She, too, sobered. “But you have done everything I asked of you—more than even that. You escorted me to my new home and kept me safe from the dangers of the road. Why should you feel unsettled now?”
“Because this household is full of strangers to you.”
“But the land agent said?—”
“He’s a stranger, too,” Robert interrupted. “He seems to have done his job, at least as far as household servants go. Everything shines with polish and is well taken care of.” But the servants had exchanged suspicious glances with each other and he couldn’t forget that.
“I could smell the lemon polish,” she said, smiling. “And in the unused rooms, sheets covered the furniture. They’re removing all of that now.”
“You haven’t seen the last of me, Audrey. I plan to visit you most frequently. I will feel better to see you settled in.”
“You worry about my blindness,” she told him, “but you needn’t. My other senses do almost as well, and people reveal much by their voices.”
“Tell me what it was like,” he said, deliberately delaying his departure. “Going blind, I mean. You must have been so frightened.”
He drew her toward a chair, and she accepted his help with a smile.
“It was a long time ago, Robert. I was seven, and so weak with sickness. I most remember being relieved to wake up feeling better.”
“And your sight was just gone?”
“Completely, like the sun had blown out. I remember my mother holding me and crying, and though she was relievedI would live, there was great sorrow, too. And fear. She worried that Blythe would succumb as well, but although she experienced the fever, it was never as severe as mine.”
“How did you cope, being so young?” Was he trying to torture himself, to feel even more guilty that this woman was alone in the world because of him?
“I was very sad for a long time, of course.” Her voice was lower, almost distant. “It is difficult to think of those days, when I was coming to the realization that people would treat me differently. I might have been only seven, but I was smart, and I understood what was happening. My mother was the only one who treated me the same, who did not coddle me or behave as if I should now be confined to bed or a chair by the window for the rest of my life.”
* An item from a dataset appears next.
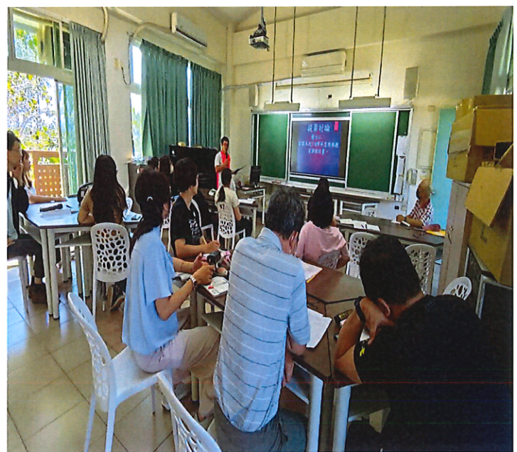
審議本校 114 學年度特殊教育課程計畫。
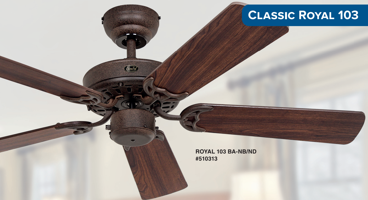
ROYAL 103 BA-NB/ND #510313

“She sounds like a good woman.”
“She was, and her death seven years ago was like the light leaving our family.”
She sighed and lost herself in a moment of reflection, but Robert had learned patience in the army.
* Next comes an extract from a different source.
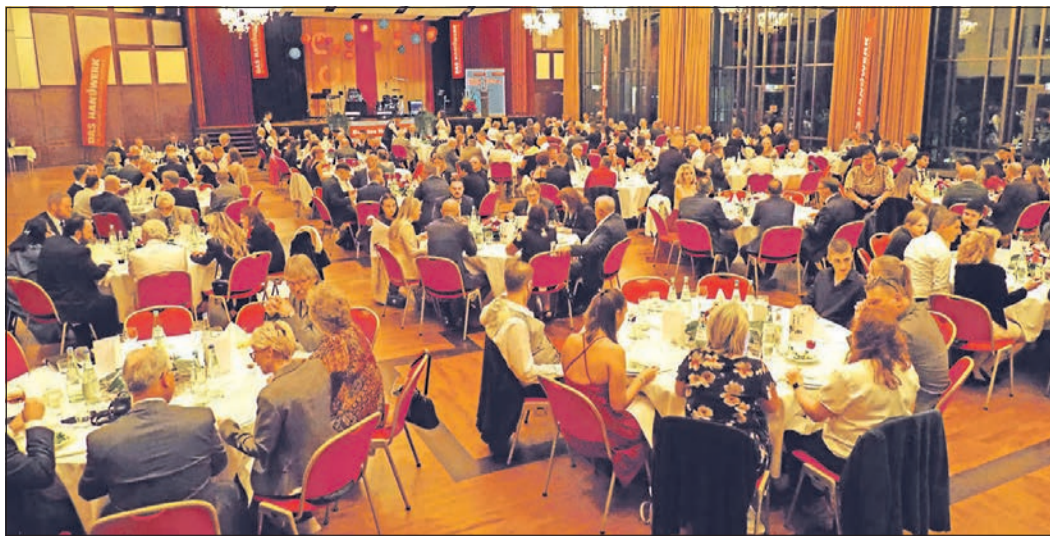
240 Gäste, darunter viele prominente Vertreter aus Wirtschaft, Politik und Verwaltung, haben im Saal des Bad Homburger Kurhauses Platz genommen.

“It was she who suggested I keep the world of sight alive in my mind, to replay the memories over and over, so I wouldn’t forget them. What my family looks like, the sun setting, a winter storm.”
“That did not make you feel bitter?”
“It did not make it worse,” she corrected. “Of course I felt bitter that I would be different, but my mother didn’t let me linger long in that. She pointed out that God has plans for people, and we can’t always know them.”
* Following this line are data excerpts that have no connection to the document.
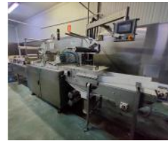
Referencia: NTM-048 TERMOSELLADORA ENCAPSULADORA Año: 2013 Marca: MECAPACK
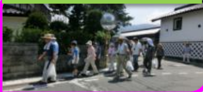
水路巡りウォーク
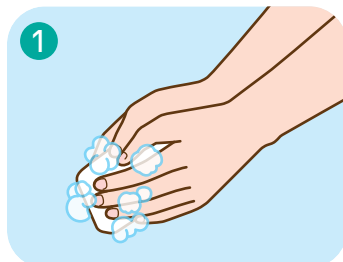
1 石けんをつけ、泡立てる
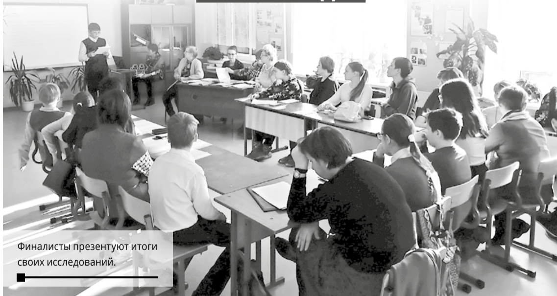
Финалисты презентуют итоги своих исследований.

Завершился муниципальный этап краевого конкурса «Чистая вода-2019» среди молодёжи. Его организаторы – управление образования администрации города, Станция юных натуралистов при поддержке управления по охране окружающей среды и природопользованию администрации города.
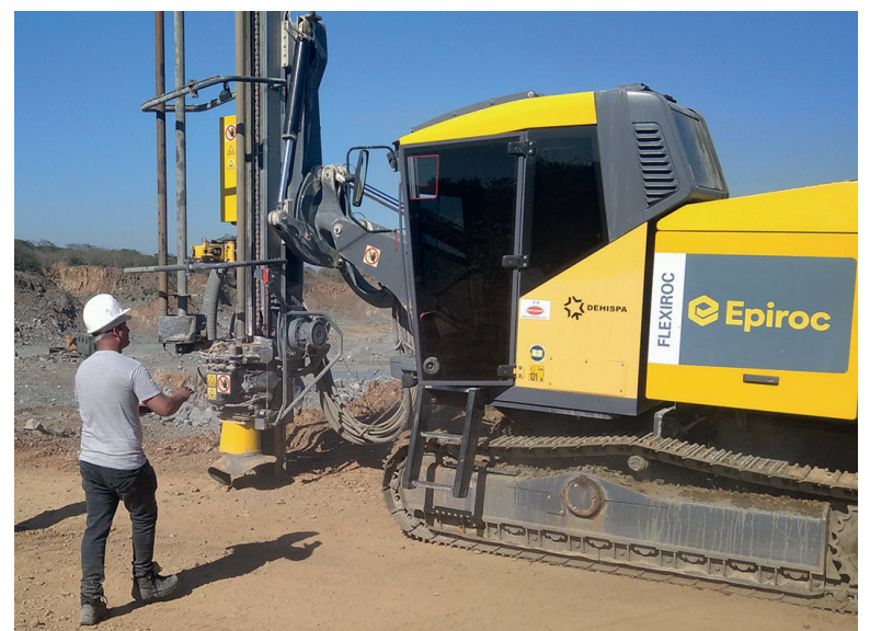
La moderna y computarizada barrenadora Flexi-roc es considerada única de su tipo en el país.

“A wise woman,” he murmured.
Audrey grinned. “She was. And I was lucky enough to have Molly. Finding things in the dark was almost a game between us. Even then, she was my guide in my new world, reading the words I painfully wrote out for my governess.”
“You still write?”
“Not often, but I learned to write by guiding my pencil between two pieces of string. I can make myself understood, but Molly is usually my secretary. But what Molly couldn’t help me with was the loss I felt being unable to see people’s faces. It is shocking how we depend upon that. We adjust everything we say and do because of a person’s expression, and I realized that at seven years of age I felt … left out. I gradually adjusted, of course, and learned about tones of voice, but it’s not the same.” She hesitated, then sighed. “I will confess, that part of me feels like that little girl again. I never imagined how much confident knowledge of my home affected me.”
“You’ll have that again,” he insisted. “It will just take time.”
She gave him a rueful grin. “You are so certain of me?”
“I am. But now I must go. My steward is expecting me. I have yet to set foot in my country house in nine years. Apparently, there is much I need to do.”
“And I am certain of you,” she countered.
“Thank you, but men do not need to be so bolstered,” he said. “We are confident.” He rose to stand before her, took her hand, and bowed over it. “Until tomorrow, Audrey.”
“That is not necessary, Robert. You have much to do.”